WHAT TO PRODUCE.
Write out all the data verbatim. Skip images.

(Data entries)
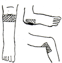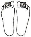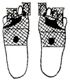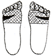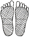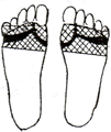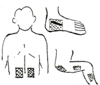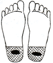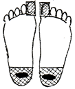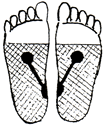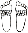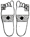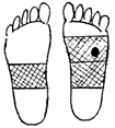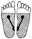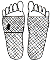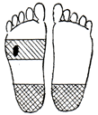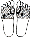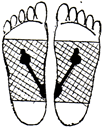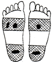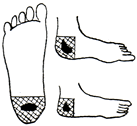 足裏の腎臓の反射区を中心に数枚貼り、さらに痛み、変形部にも貼るとよいでしょう。 |
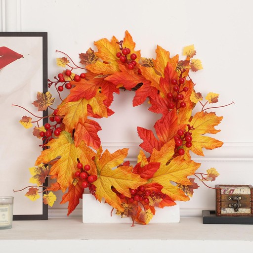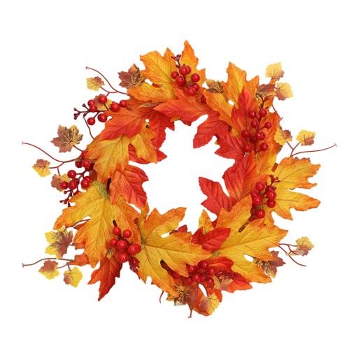 [Jesienny wieniec] Piękny wieniec z liści klonu z jagodami, żywy i realistyczny, idealny na drzwi wejściowe.
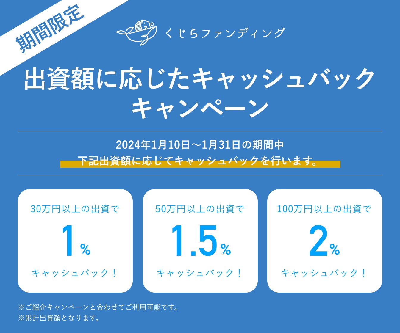 日頃のご愛顧に感謝し、期間中の出資額に応じて、最大2%の特別なキャッシュバックでお返し。2024年1月10日販売開始のくじら5号が対象!
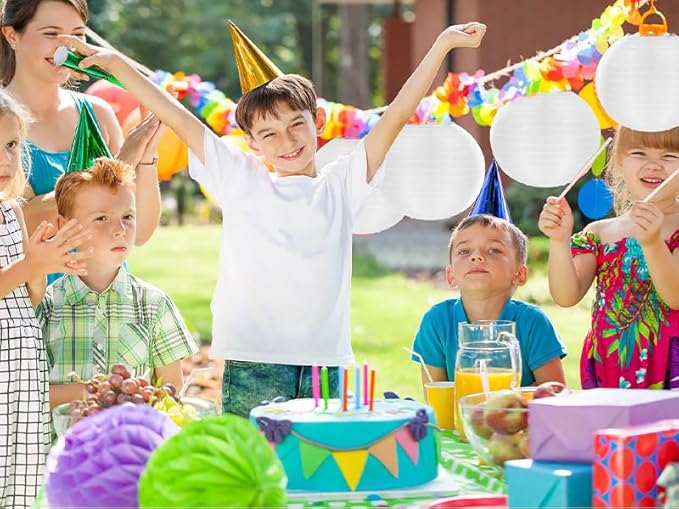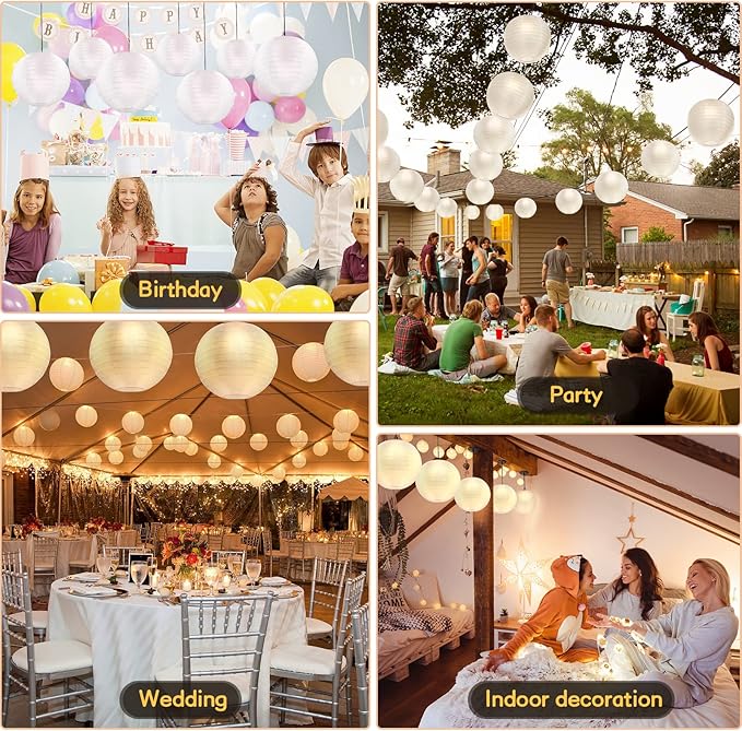 • Perfect Decoration for Any Event: Add decorative Hanging White Lanterns, your family and friends feel more joy and cheerful ambiance of the weddings, birthdays and other celebration. Also perfect for outdoor decoration, like courtyard, summer garden party and other white theme party.
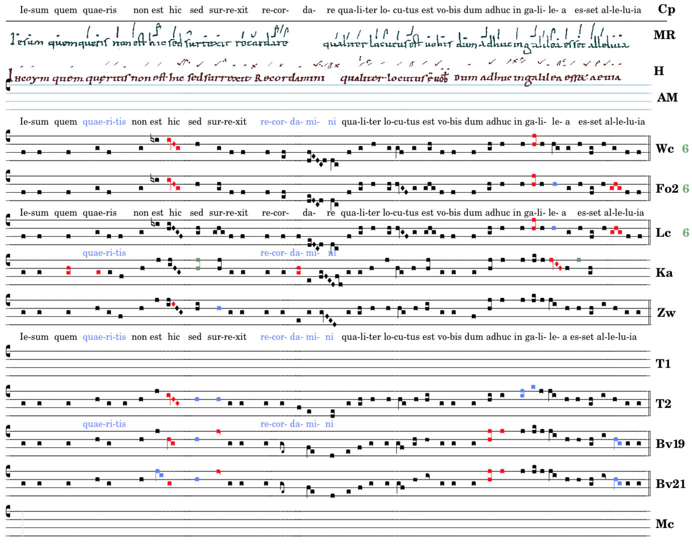 Iesum quem quaeritis : non est hic sed surrexit / recordamini qualiter locutus est vobis / dum adhuc in galilaea esset / alleluia.
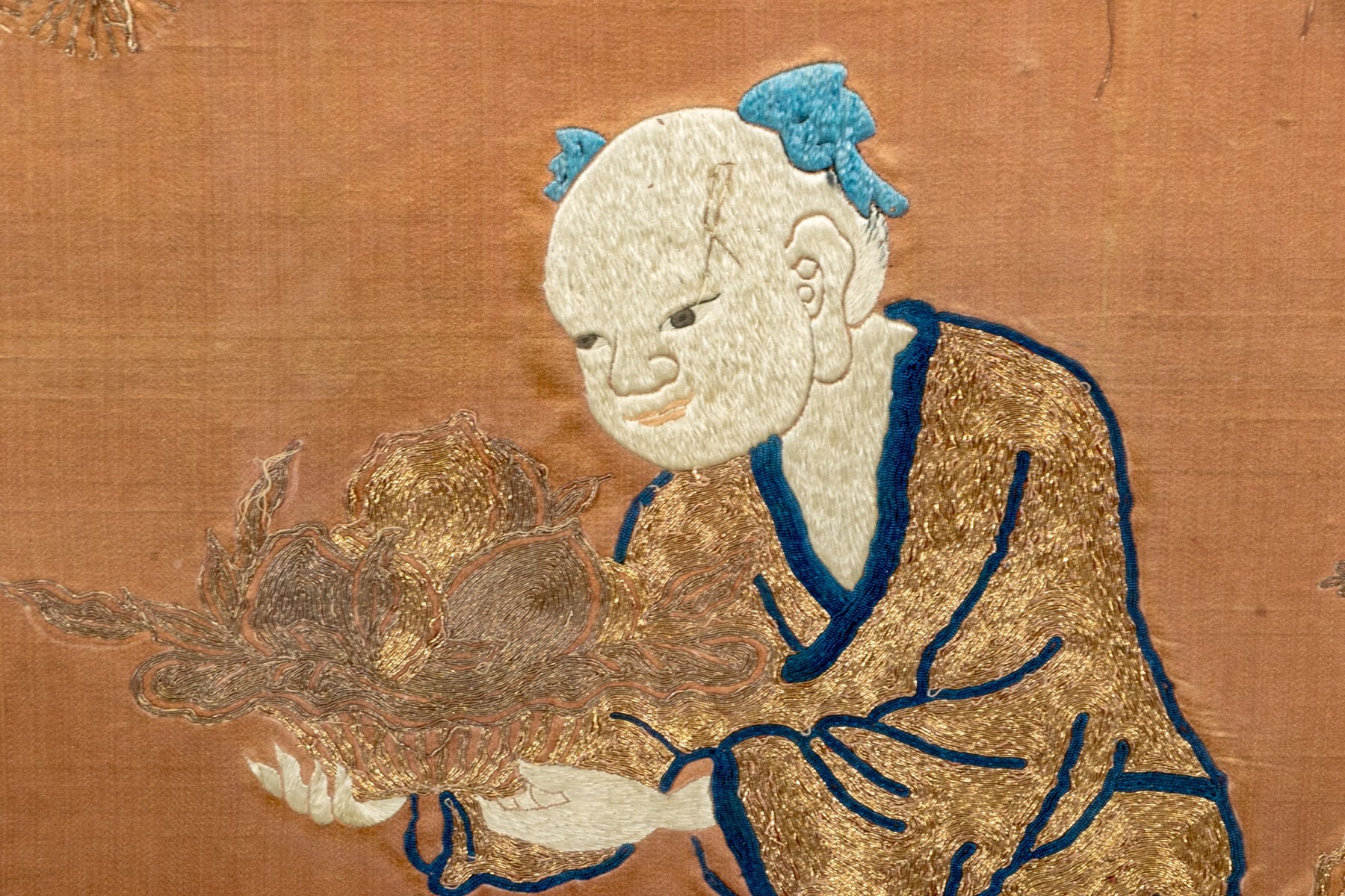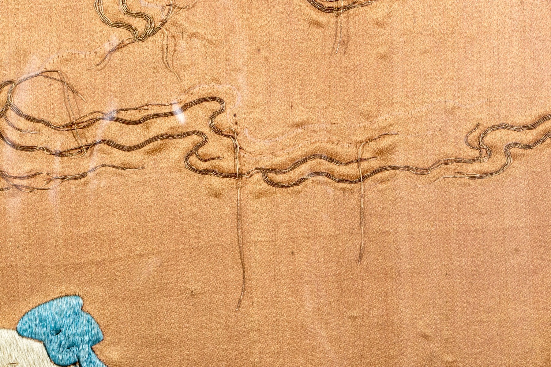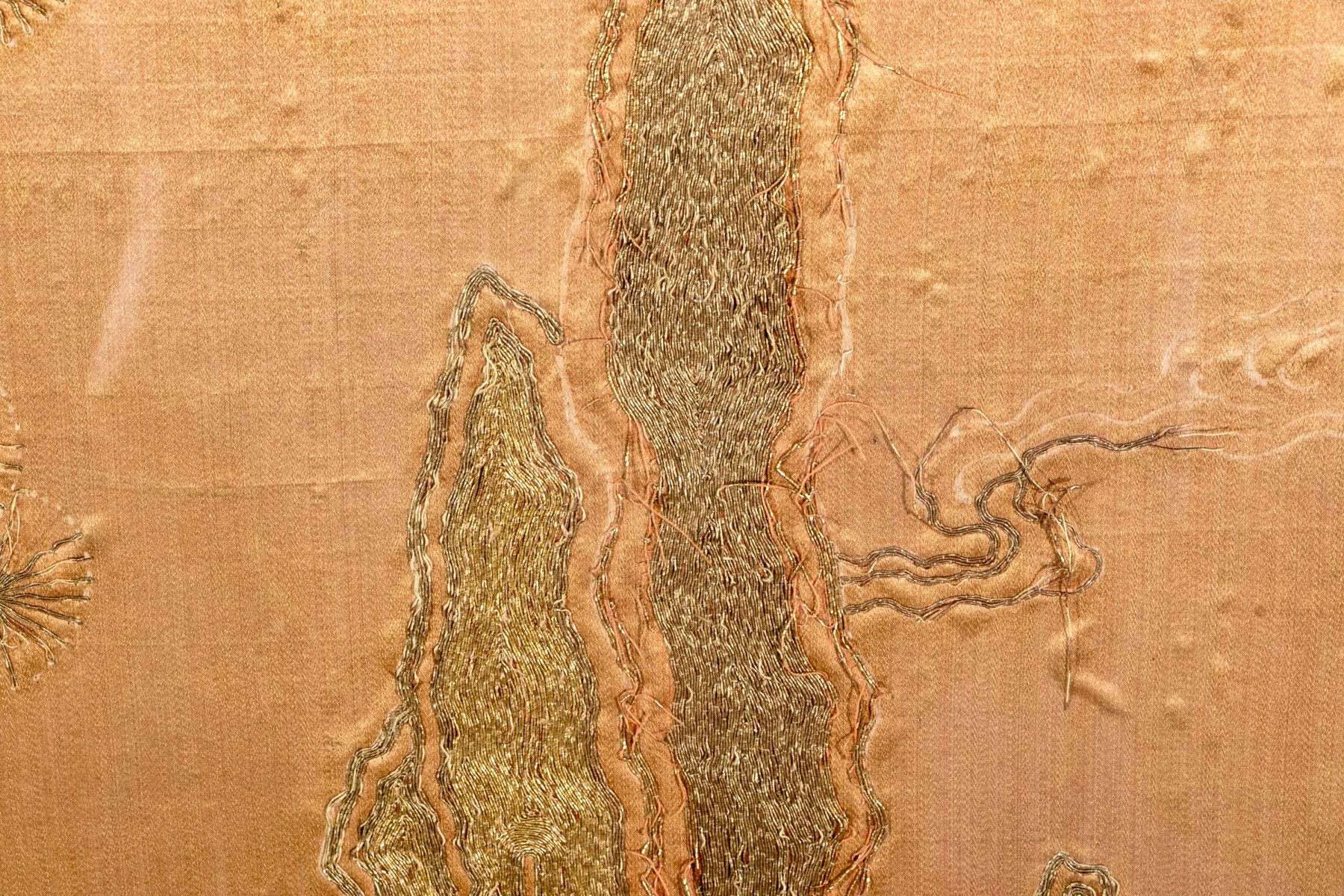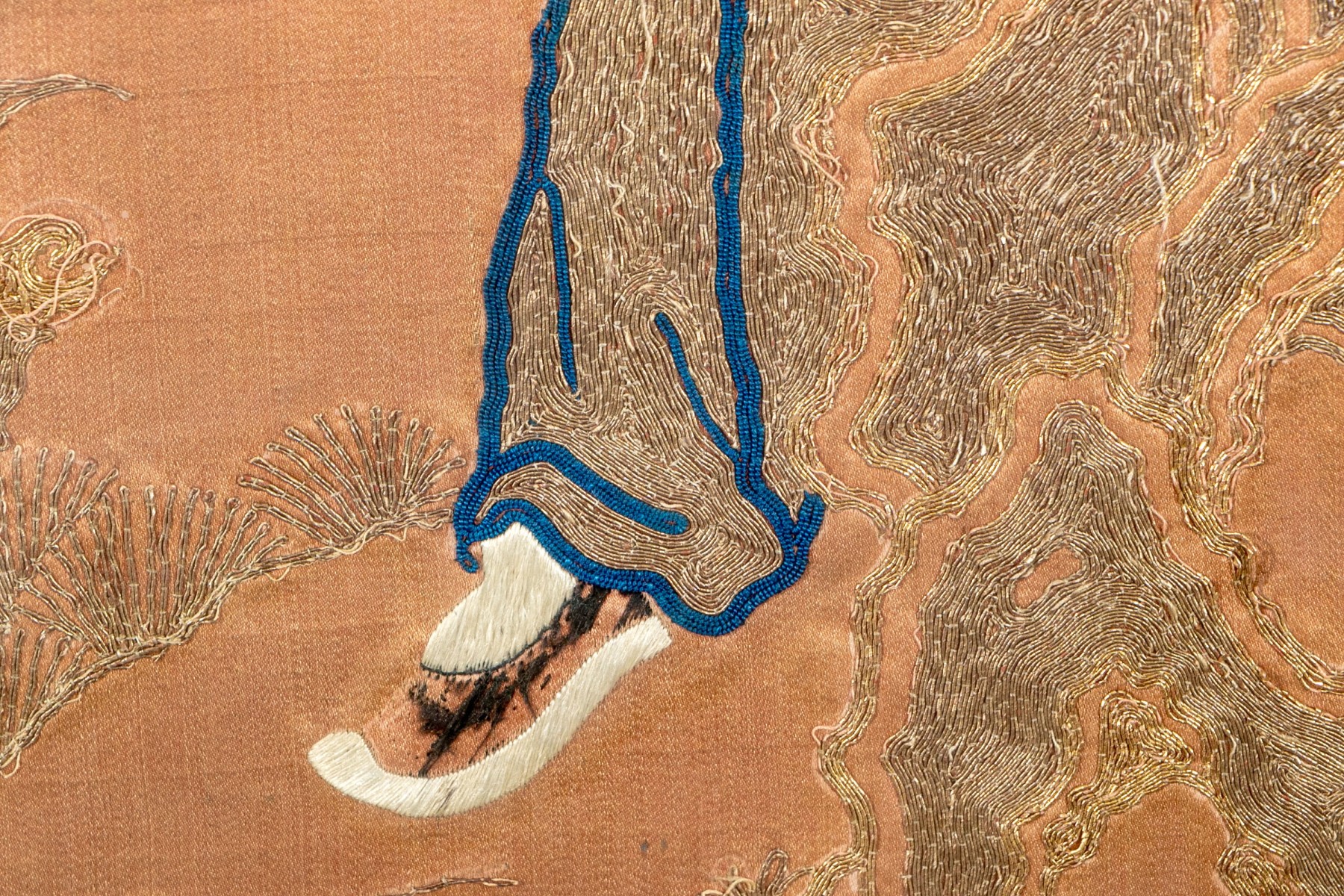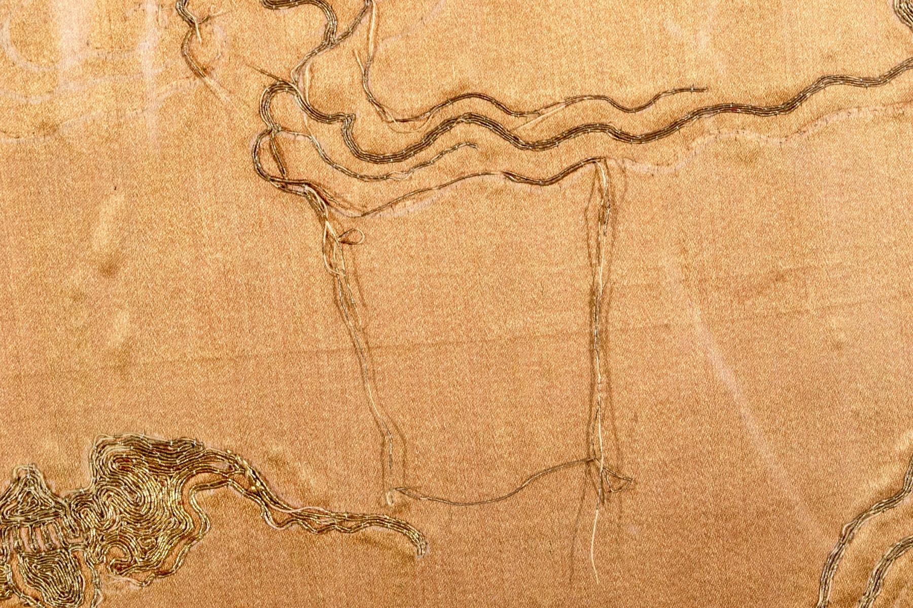 Some wear including broken and frayed embroidered strands with some wear to the silk backing all commensurate with age.
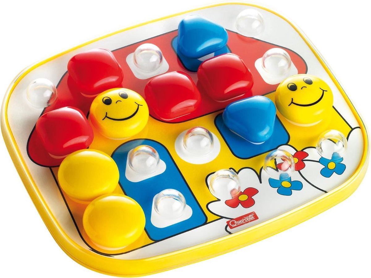 Quercetti Fantacolor Baby huis Maak nu zelf de afbeeldingen af door de kleurrijke pinnen op de juiste plek te drukken. Kinderen ontwikkelen hiermee hun oog-handcoördinatie en het herkennen van kleuren. Het insteekbord is gemakkelijk overal mee naartoe te nemen, hierdoor werk je overal zonder problemen verder aan jouw creatie. Specificaties: Afmetingen verpakking: 32 x 24 x 6 cm Diameter pinnen: 46 mm Materiaal: kunststof Geschikt voor kinderen vanaf 18 maanden. Inhoud: 24 Pinnen in 3 vormen 6 Ontwerpen 1 Insteekbord.
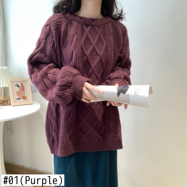 ノミクマ 秋冬 プルオーバー ツイストセーター カジュアル 長袖 Oネック ニット トップス 2022 プルジャンパー ロング オータム 秋物 ウィンター 冬物 kor80827380182
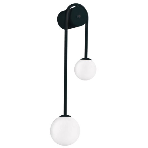 Fekete fémből készült fali lámpa opál matt üveggel. Modern és elegáns megjelenése lágy, szórt fényt biztosít. Ideális választás stílusos és hangulatos világításhoz...
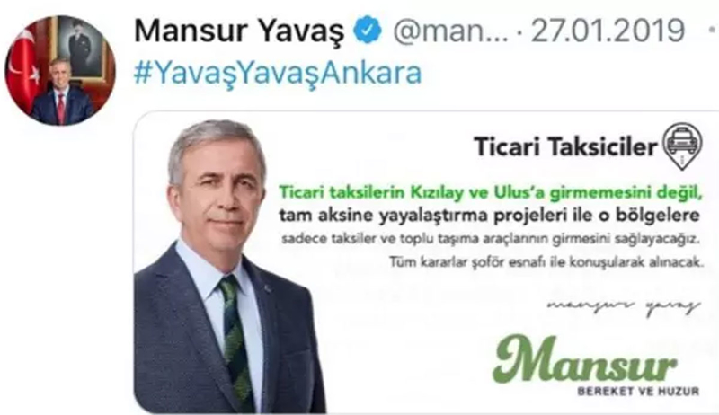 Yavaş, 2019 yılında verdiği "Ulus ve Kızılay araç trafiğine kapatılacak" sözünü de yerine getirmedi. Yavaş aynı projeyi "bu projenin benim için yeri ayrı" diyerek yeniden seçmenin önüne sundu.

RESPONSE AREA.
 足裏の腎臓の反射区を中心に数枚貼り、さらに痛み、変形部にも貼るとよいでしょう。 |
 [Jesienny wieniec] Piękny wieniec z liści klonu z jagodami, żywy i realistyczny, idealny na drzwi wejściowe.
 日頃のご愛顧に感謝し、期間中の出資額に応じて、最大2%の特別なキャッシュバックでお返し。2024年1月10日販売開始のくじら5号が対象!
 • Perfect Decoration for Any Event: Add decorative Hanging White Lanterns, your family and friends feel more joy and cheerful ambiance of the weddings, birthdays and other celebration. Also perfect for outdoor decoration, like courtyard, summer garden party and other white theme party.
 Iesum quem quaeritis : non est hic sed surrexit / recordamini qualiter locutus est vobis / dum adhuc in galilaea esset / alleluia.
 Some wear including broken and frayed embroidered strands with some wear to the silk backing all commensurate with age.
 Quercetti Fantacolor Baby huis Maak nu zelf de afbeeldingen af door de kleurrijke pinnen op de juiste plek te drukken. Kinderen ontwikkelen hiermee hun oog-handcoördinatie en het herkennen van kleuren. Het insteekbord is gemakkelijk overal mee naartoe te nemen, hierdoor werk je overal zonder problemen verder aan jouw creatie. Specificaties: Afmetingen verpakking: 32 x 24 x 6 cm Diameter pinnen: 46 mm Materiaal: kunststof Geschikt voor kinderen vanaf 18 maanden. Inhoud: 24 Pinnen in 3 vormen 6 Ontwerpen 1 Insteekbord.
 ノミクマ 秋冬 プルオーバー ツイストセーター カジュアル 長袖 Oネック ニット トップス 2022 プルジャンパー ロング オータム 秋物 ウィンター 冬物 kor80827380182
 Fekete fémből készült fali lámpa opál matt üveggel. Modern és elegáns megjelenése lágy, szórt fényt biztosít. Ideális választás stílusos és hangulatos világításhoz...
 Yavaş, 2019 yılında verdiği "Ulus ve Kızılay araç trafiğine kapatılacak" sözünü de yerine getirmedi. Yavaş aynı projeyi "bu projenin benim için yeri ayrı" diyerek yeniden seçmenin önüne sundu.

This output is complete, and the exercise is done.